WestJet (WS, Calgary) has announced fleet plans that reflect a new strategic focus on Western Canada, including a substantial order for more narrowbodies while pausing widebody growth and centring its regional fleet for network expansion in the West.

The new strategic plan for post-pandemic growth was revealed last week by Chief Executive Officer Alexis von Hoensbroech, who joined WestJet in February from Austrian Airlines.

He said WestJet would focus on:

  • Growing its presence and network in Western Canada through more non-stop flights to communities;
  • Investing further in leisure and sun flying across Canada, including through the acquisition of Sunwing Airlines (WG, Toronto Pearson), following regulatory approval;
  • Investing in technology and digitalisation; and
  • Redoubling efforts to remain low-cost and affordable.

To match its commercial strategies, the airline will focus its existing widebody B787-9 fleet on Western Canada and, for the time being, pause further investment into incremental B787s to focus instead on additional narrowbody growth. The airline currently has six B787-9s with four more on order, the ch-aviation fleets module shows.

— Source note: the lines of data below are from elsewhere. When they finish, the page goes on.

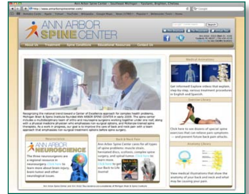
The group is investing in patient education, including an online spine encyclopedia at AnnArborSpineCenter.com, with an exercise and anatomy library, and medical animations that explain symptoms and treatment options.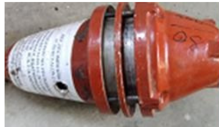
Figure 6. Improper fitting of Spigot joint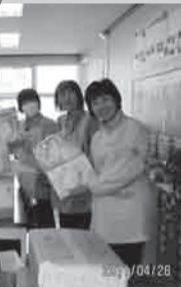
Packs arrive at the Komagamine Nursery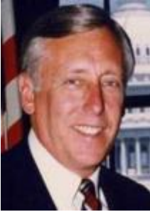
Congressman Steny H. Hoyer. (D-MD) of Maryland's Fifth Congressional District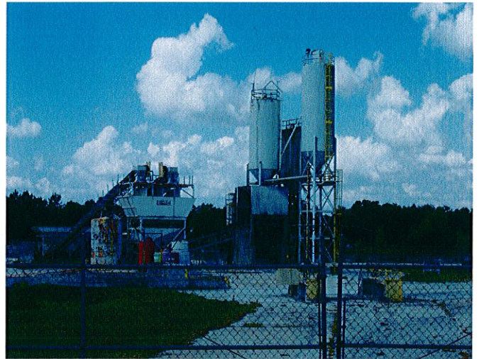
Photo ID No. / Date / Time: Picture 002 05-26-2011 11:15 Inactive silos and weigh hopper on facility grounds.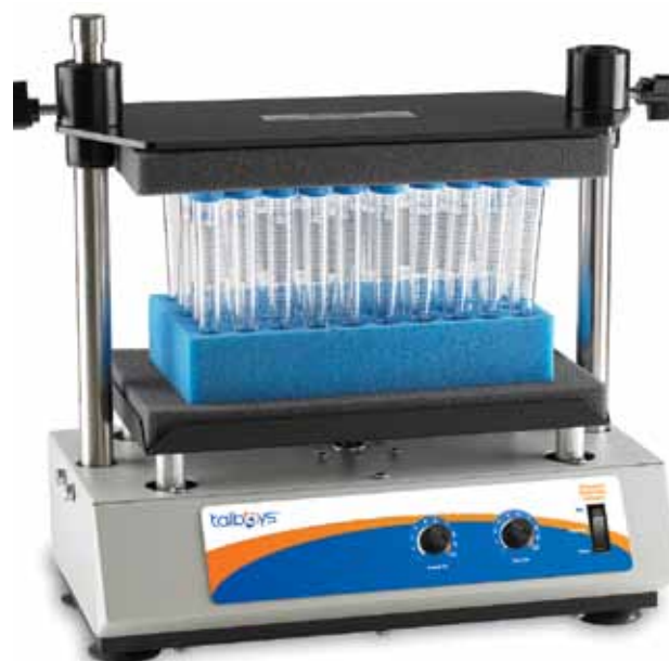
945007 with 945072

One piece housing design optimizes clean-ups. Ideal for applications requiring accuracy and repeatability. The stainless steel one piece housing design is conducive to keeping your vortexer clean and free from contaminants.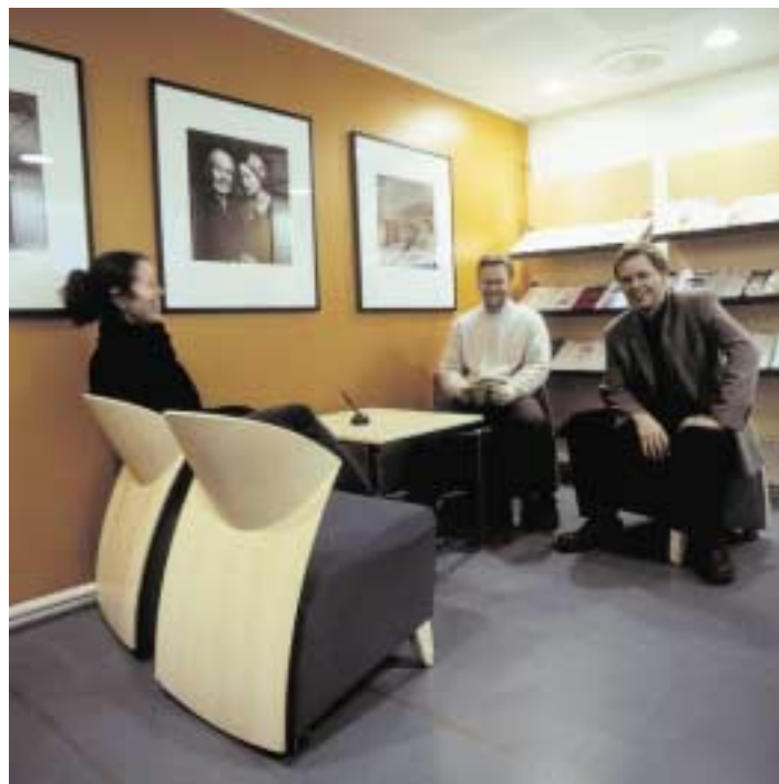
From the Department of Media Policy and Copyright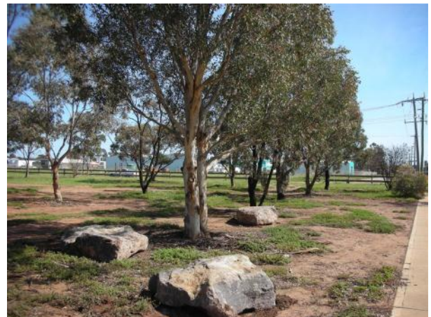
Some rocks in final position near the path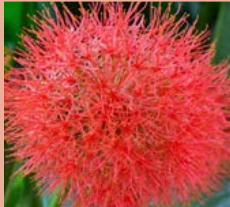
Blood Lily ( Scadoxus Multiflorus )

Eucaris Lily is a marvelous shade plant and grows under those big trees. Blossoming at least twice a year with evergreen foliage, it is the perfect break from invasives! Also recommended for dappled shade, try Blood Lily, Oxblood Lily, Clivia and miniature varieties of Agapanthus, such as White Wedding Bouquet.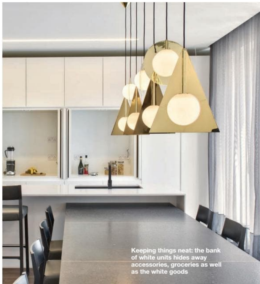
Keeping things neat: the bank of white units hides away accessories, groceries as well as the white goods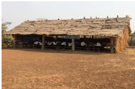
The temporary school building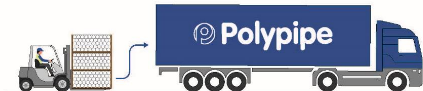
Step 4 The product is then loaded onto a lorry and dispatched.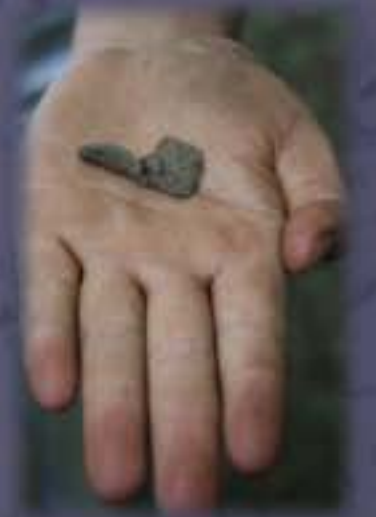
Example of a gun trigger uncovered at Fort St. Joseph.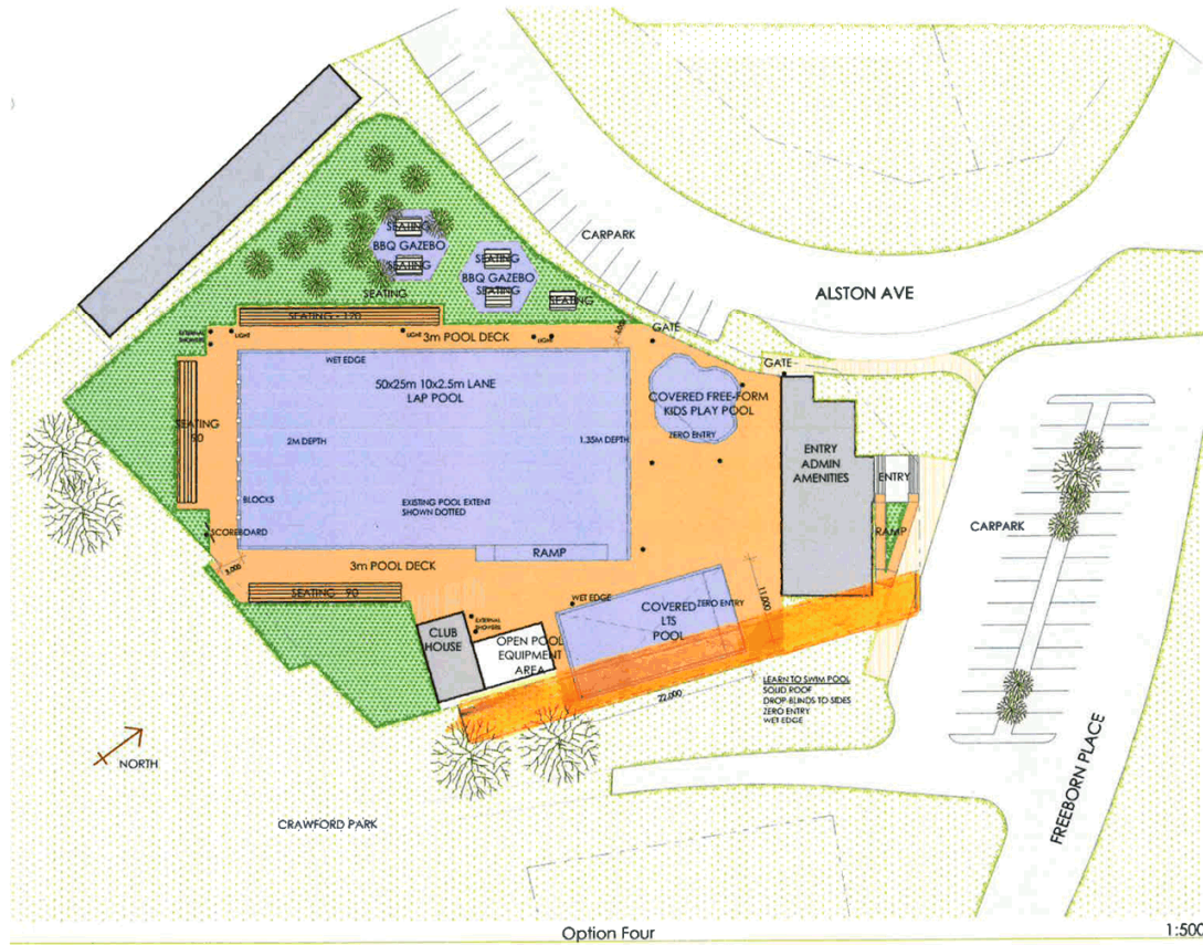
Option Four 1:500

Von Hoensbroech said WestJet is working towards “a substantial additional narrowbody order” but did not elaborate. This was in addition to the more than thirty B737-8 MAX, the airline, will receive in the coming years, including 15 in 2022 alone, he added. The current B737-8 fleet comprises 16 units with one recently delivered to its budget carrier Swoop (Hamilton, ON), according to ch-aviation data.

The focus of WestJet Encore’s regional fleet of forty-seven DHC-8-Q400s will be shifted and adjusted to focus on Western Canada, removing complexity from operations and prioritising the airline’s commitment to enhancing Western Canada’s connectivity.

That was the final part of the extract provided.